What You Need Before Starting
AWS DevOps Agent is an autonomous SRE agent built on Amazon Bedrock AgentCore (official docs), generally available since March 31, 2026. It operates in a dedicated console experience separate from Amazon Q Developer. Before you begin setup, confirm you have the following items in place. Missing any of these will block you at a specific step, and backtracking wastes time.
- ✓Step 1: Create Your Agent Space
- ✓Step 2: Configure IAM Roles
- ✓Step 3: Connect Observability
- ✓Step 4: Application Topology
- ✓Step 5: Incident Response
- ✓Step 6: Collaboration Tools
- ✓Step 7: On-Demand SRE Tasks
- ✓Step 8: Set Up Evaluations
Step 1: Creating Your First Agent Space
An Agent Space is the foundational unit of AWS DevOps Agent. It defines the scope of what the agent can see and act on: which AWS accounts, which third-party integrations, which operators have access, and what operational boundaries apply. You can run up to 100 Agent Spaces per account per region (adjustable via service quotas). Each space is an isolated boundary, meaning the agent working on your payment service cannot access the topology of your marketing platform unless you explicitly configure cross-space visibility.
- Open the AWS Management Console and navigate to the DevOps Agent service. It has its own console entry separate from Amazon Q Developer.
- Click Create Agent Space.
- Enter a descriptive name that maps to a logical application or service boundary. Examples:
payments-prod,checkout-service-us-east,platform-staging. - Select the AWS accounts you want this Agent Space to monitor. You can associate multiple accounts with a single space for cross-account visibility.
- Choose the supported region closest to your workloads: US East (N. Virginia), US West (Oregon), Europe (Frankfurt or Ireland), or Asia Pacific (Sydney or Tokyo).
- Click Create. The Agent Space initializes within 30-60 seconds.
Verification: After creation, the Agent Space should appear in your console list with a status of "Active." Click into it and confirm the associated AWS accounts are listed correctly. If the status shows "Initializing" for more than 2 minutes, check your region selection and IAM permissions.

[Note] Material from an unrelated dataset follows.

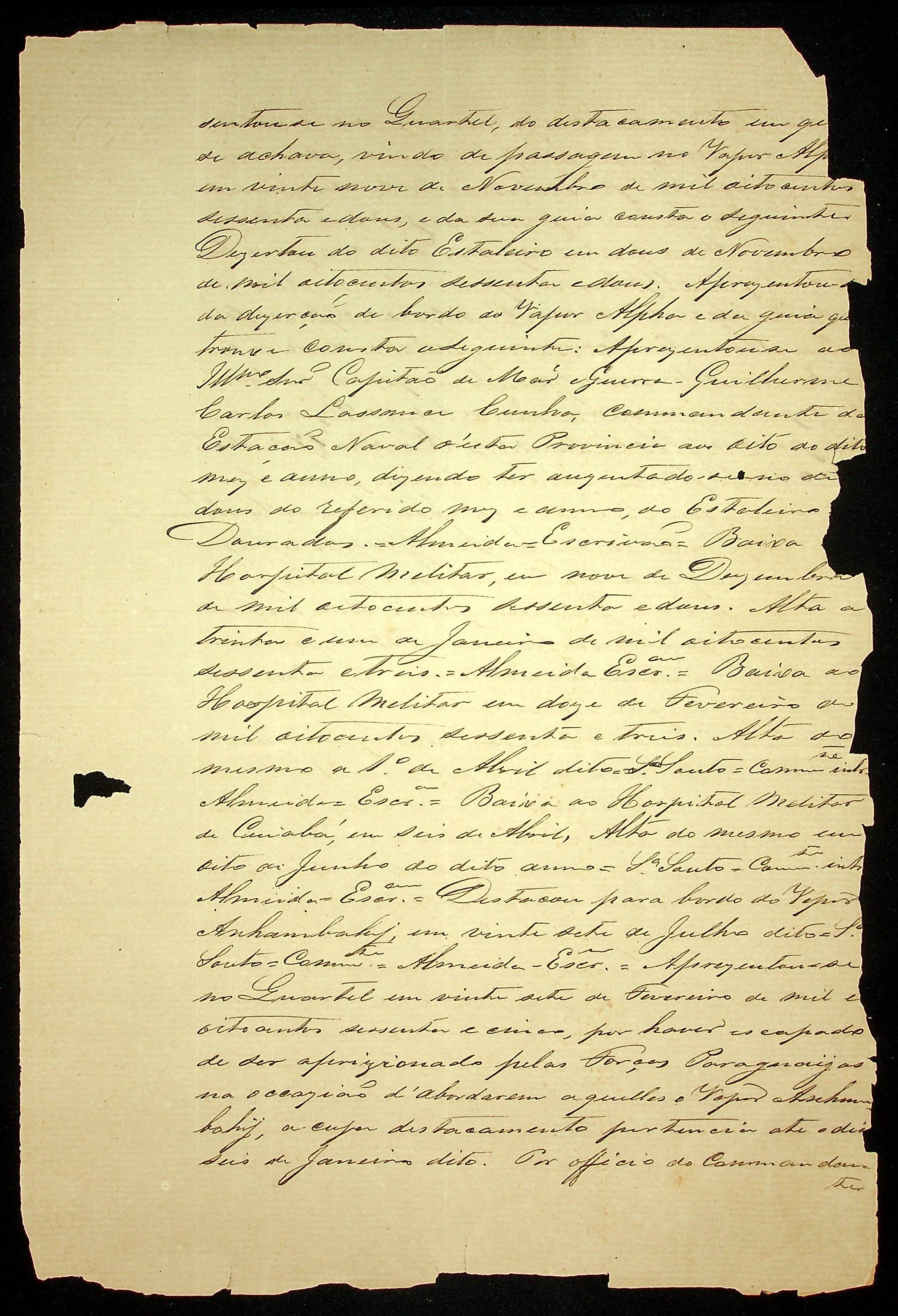 CÓPIA AUTÊNTICA dos Assentamentos de Praça do Oficial de Fazenda José Manoel d’Almeida e Vista do Comandante Interino.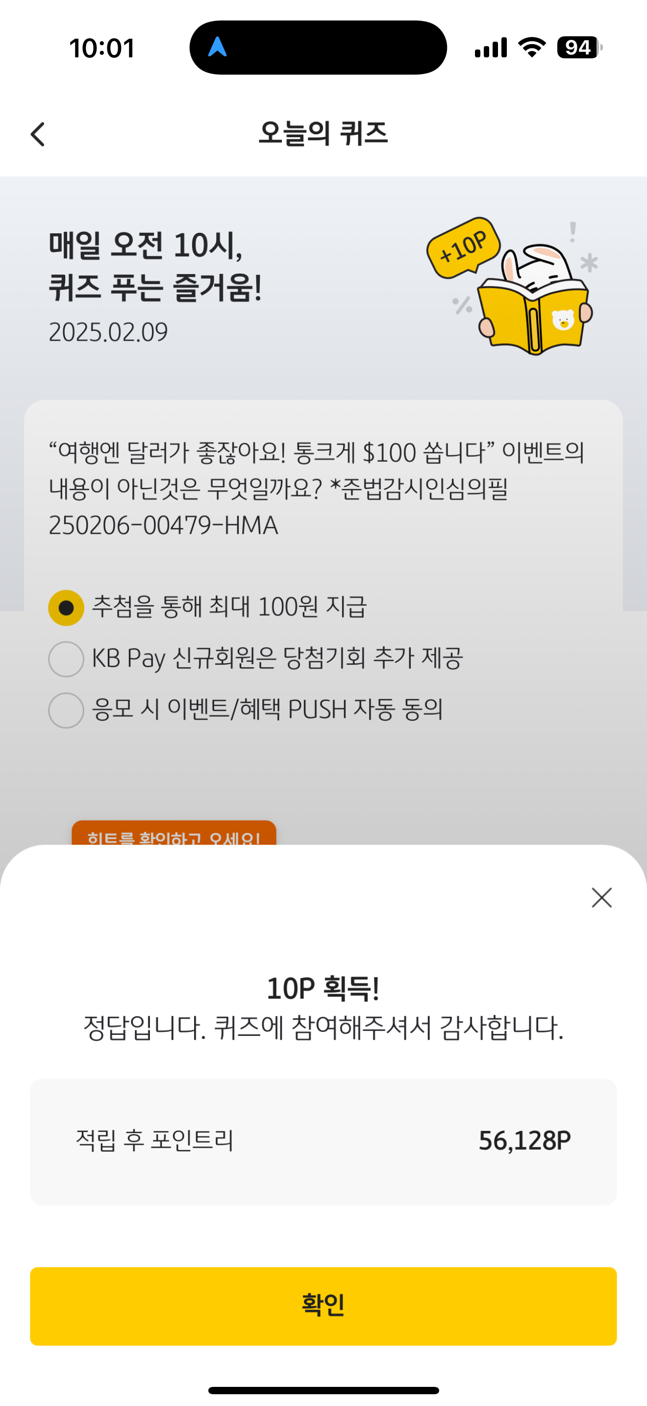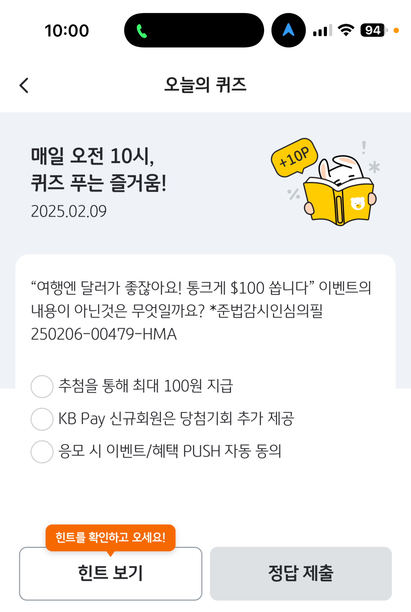 "여행엔 달러가 좋잖아요! 통크게 $100 쏩니다" 이벤트의 내용이 아닌것은 무엇일까요? *준법감시인심의필250206-00479-HMA 보기는 1. 추첨을 통해 최대 100원 지금 2. KB Pay 신규회원은 당첨기회 추가 제공 3. 응모 시 이벤트/혜택 PUSH 자동 동의 입니다

Step 2: Configuring IAM Roles and Permissions
AWS DevOps Agent needs IAM roles with specific permissions to read telemetry, access CloudWatch logs, query your infrastructure, and interact with connected tools. The principle of least privilege applies here: grant only what the agent needs, nothing more.
- Navigate to IAM in the AWS Management Console.
- Create a new IAM role for the DevOps Agent service. Select AWS Service as the trusted entity type and choose DevOps Agent from the service list.
- Attach the AWS-managed policy
AWSDevOpsAgentServiceRolePolicy. This grants the baseline permissions the agent needs for CloudWatch metrics, logs, X-Ray traces, and CloudFormation stack discovery. - If you are connecting multiple AWS accounts, create a cross-account IAM role in each target account that trusts the agent's primary account. The agent uses
sts:AssumeRoleto access cross-account resources. - For operator access, configure IAM Identity Center (SSO) or individual IAM users with permissions to the DevOps Agent Web App. Operators interact with the agent through this separate web application, not the AWS Management Console.
- Review the trust policy to confirm only the DevOps Agent service principal can assume the role. Do not use wildcard principals.
Verification: In the Agent Space settings, navigate to the Permissions tab. The console should show a green checkmark next to each required permission. If any show a red X, the IAM role is missing that specific policy. Use the console's built-in permission analyzer to identify the exact missing action.
Step 3: Connecting Observability Tools
The agent needs access to your monitoring and logging data to perform investigations. AWS DevOps Agent natively supports CloudWatch (built-in), Datadog, Dynatrace, New Relic, Splunk, and Grafana with Prometheus. Any tool without a native integration can be connected via MCP (Model Context Protocol) servers.
CloudWatch (Native, No Extra Setup)
If your workloads already emit metrics and logs to CloudWatch, the agent picks them up automatically through the IAM role you configured in Step 2. No additional integration step is required. CloudWatch is the default telemetry source.
Third-Party Tools (Datadog, Dynatrace, Splunk, New Relic, Grafana)
- In the Agent Space settings, navigate to Integrations.
- Click Add Integration and select your observability provider.
- Enter the required credentials: API key and application key for Datadog, API token for Dynatrace, HEC token for Splunk, or API key for New Relic.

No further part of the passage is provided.